Acquisition of Subby Ltd in the Books of Baxter Ltd

Accounting for consolidation in Baxter Ltd is required to be done by considering provisions of AASB 10 (Australian Accounting Standards, 2016). The holding company has a regulatory requirement to prepare consolidated financial statements in accordance with the standardised accounting policies for financial transactions taking place in similar conditions (Australian Accounting Standards, 2016). On the basis of this provisions consolidation of Baxter and Subby Ltd will be recorded in the following manner:

Net fair value of identifiable assets and liabilities

Share capital + General reserve+ retained profit

=$ 1839970

Share of Baxter Ltd 1839970*.6

=$ 1103982

Consideration transferred = 420,000 * (1/4) * 2.95 +420,000 * (1/4) * 2.5

=$ 572250

Capital reserve =$ 531732

Legal and administration expenses will be reduced from capital reserve, and net amount will be shown in balance sheet of company i.e. 793082. Along with this, minority interest will also be recorded a minority interest in liability portion.

Journal entries

Retained earnings Dr. $ 48170

Share capital Dr. $ 11750000

General reserve Dr. $ 41800

Shares in Subby Ltd. Cr. $ 572250

Business combination valuation reserve Cr. $ 531732

Business combination valuation reserve Dr $ 1300

To legal charges $ 1300

Conclusion

The present study shows compliance of AASB 3 and AASB 10 for an accounting of Baxter Ltd to acquire Smaller Ltd and Subby Ltd in a proper manner. Finance department of the company is required to consider these provisions for preparation of financial statements. Further, proper disclosure is to made in notes to accounts of the annual report of a company to provide a better understanding to stakeholders of the company regarding financial transactions.

References

Books and Journals

Dagwell, R., Wines, G. and Lambert, C., 2011. Corporate Accounting in Australia. Pearson Higher Education.

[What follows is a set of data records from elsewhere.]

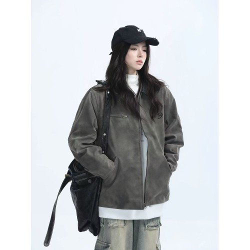 女性用のゆったりサイズのラフスキンジャケット、ジッパー付きアウターです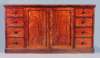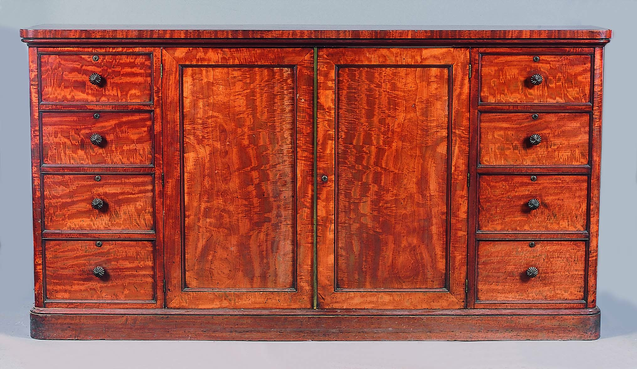 the rectangular top with deep crossbanded and moulded edge and rounded angles above pair of panelled doors enclosing sliding trays, flanked by banks of four graduated drawers with moulded oakbeading and gadrooned handles, on plinth base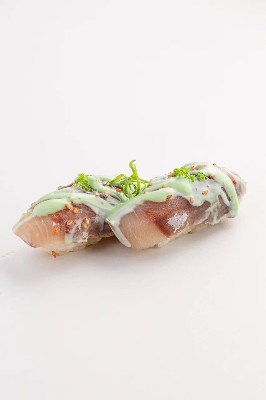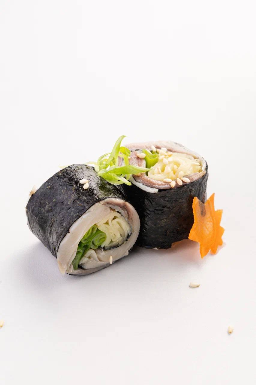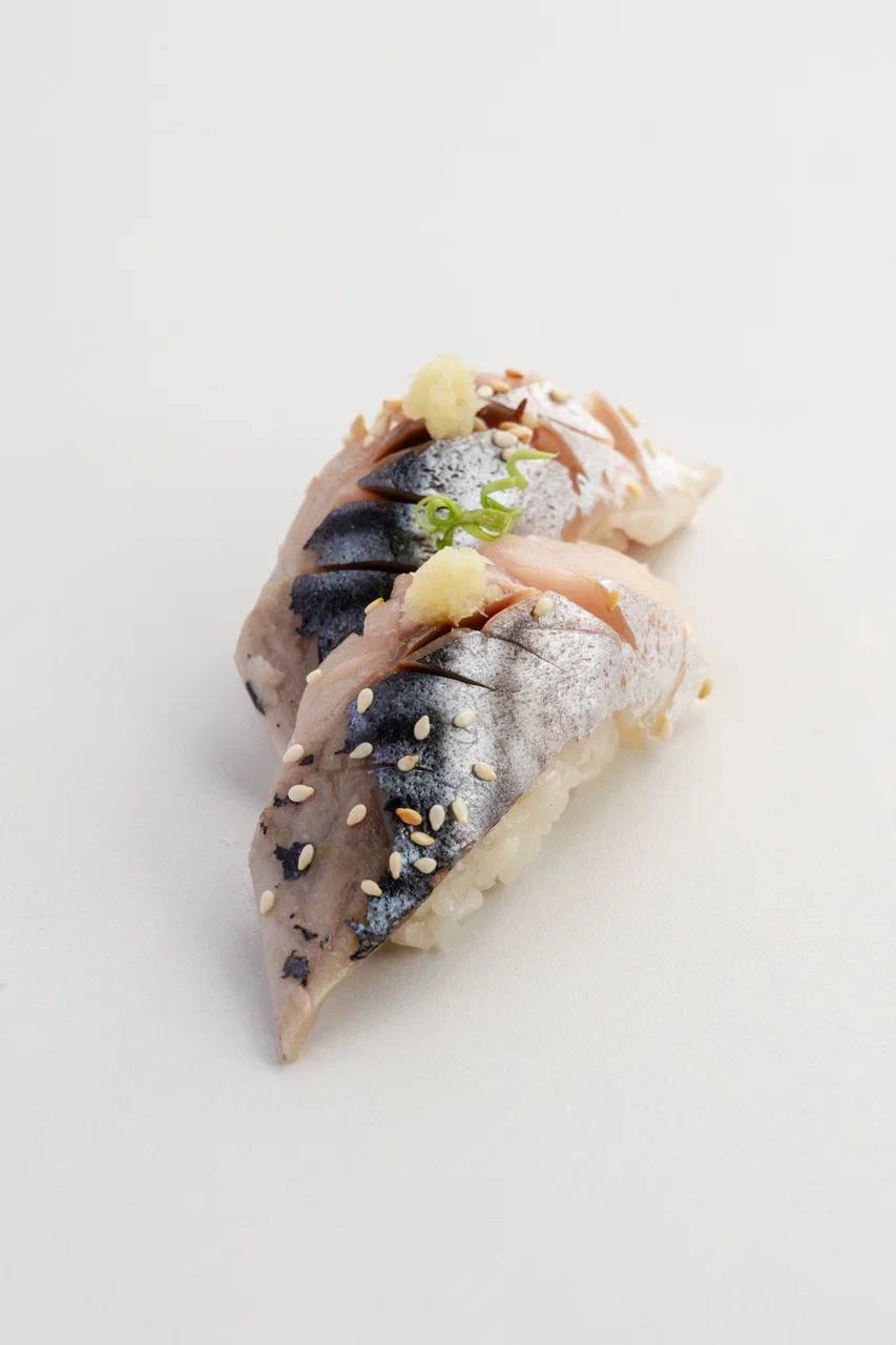 Маринованная скумбрия, зелёный лук, кунжут, маринованный имбирь, соус оса никири, водоросли нори, васаби.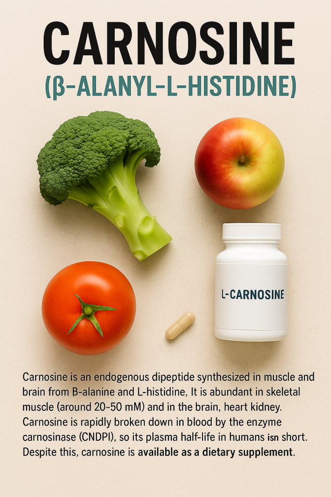 Carnosine (β-alanyl-L-histidine) is an endogenous dipeptide synthesized in muscle and brain from β-alanine and L-histidinemdpi.com. It is abundant in skeletal muscle (around 20–50 mM) and in the brain, heart and kidney. Carnosine is rapidly broken down in blood by the enzyme carnosinase (CNDP1), so its plasma half-life in humans is shortpubmed.ncbi.nlm.nih.gov. Despite this, carnosine is available as a dietary supplement and can be boosted in tissues by precursors (e.g. β-alanine) or by formulations designed to resist degradation. As a supplement, carnosine is claimed to act as an antioxidant, antiglycator and anti-inflammatory molecule. Indeed, carnosine “is a naturally occurring… dipeptide with a well-demonstrated multimodal mechanism of action that includes the detoxification of reactive oxygen and nitrogen species and the down-regulation of pro-inflammatory mediators”mdpi.com. It also chelates metals and can inhibit abnormal protein aggregationmdpi.com. Research suggests carnosine may influence metabolic and immune pathways beyond muscle, including in kidney and vascular cellspubmed.ncbi.nlm.nih.govmdpi.com.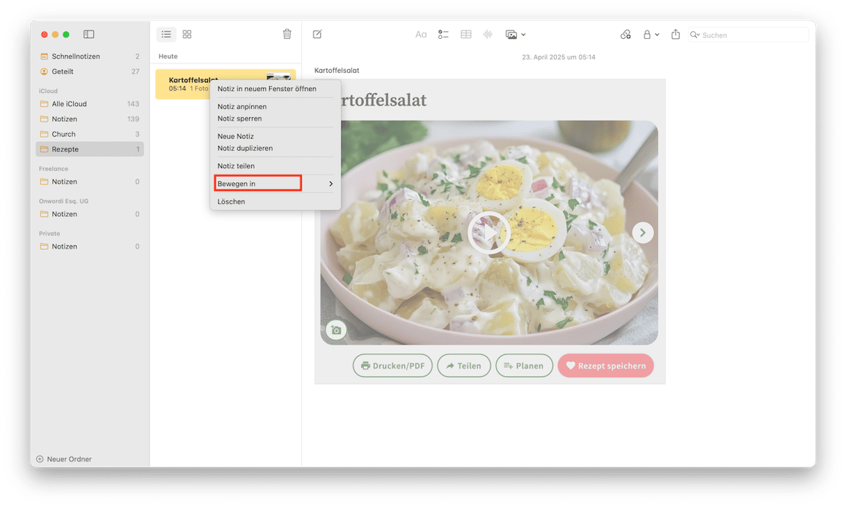 - Wählen Sie „Verschieben nach“ > „iCloud“ und dann einen Ordner, in den Sie die Notiz verschieben möchten.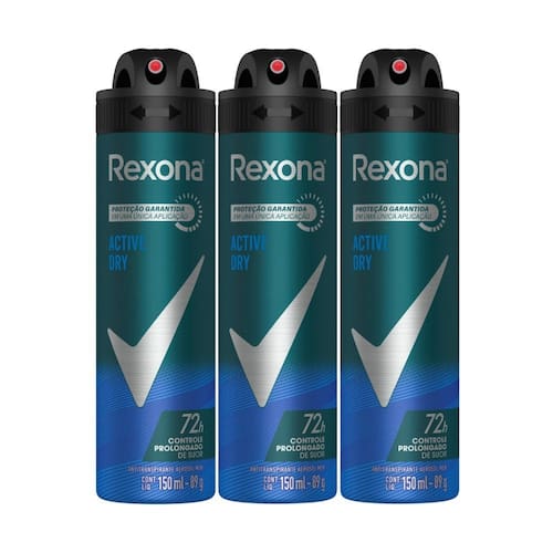 Kit 3 Desodorante Rexona Men Active Dry Aerosol Antitranspirante 72h 150ml

Jones, S. and Ratnatunga, J., 2012. Contemporary Issues in Sustainability Accounting, Assurance and Reporting. Emerald Group Publishing.

Parker, H. R., 2013. Accounting in Australia (RLE Accounting): Historical Essays. Routledge.

Online

Business combinations. 2004. [Pdf]. Available through < [Accessed on 14th December 2016].

Australian Accounting Standards. 2016. [Online]. Available through < [Accessed on 14th December 2016].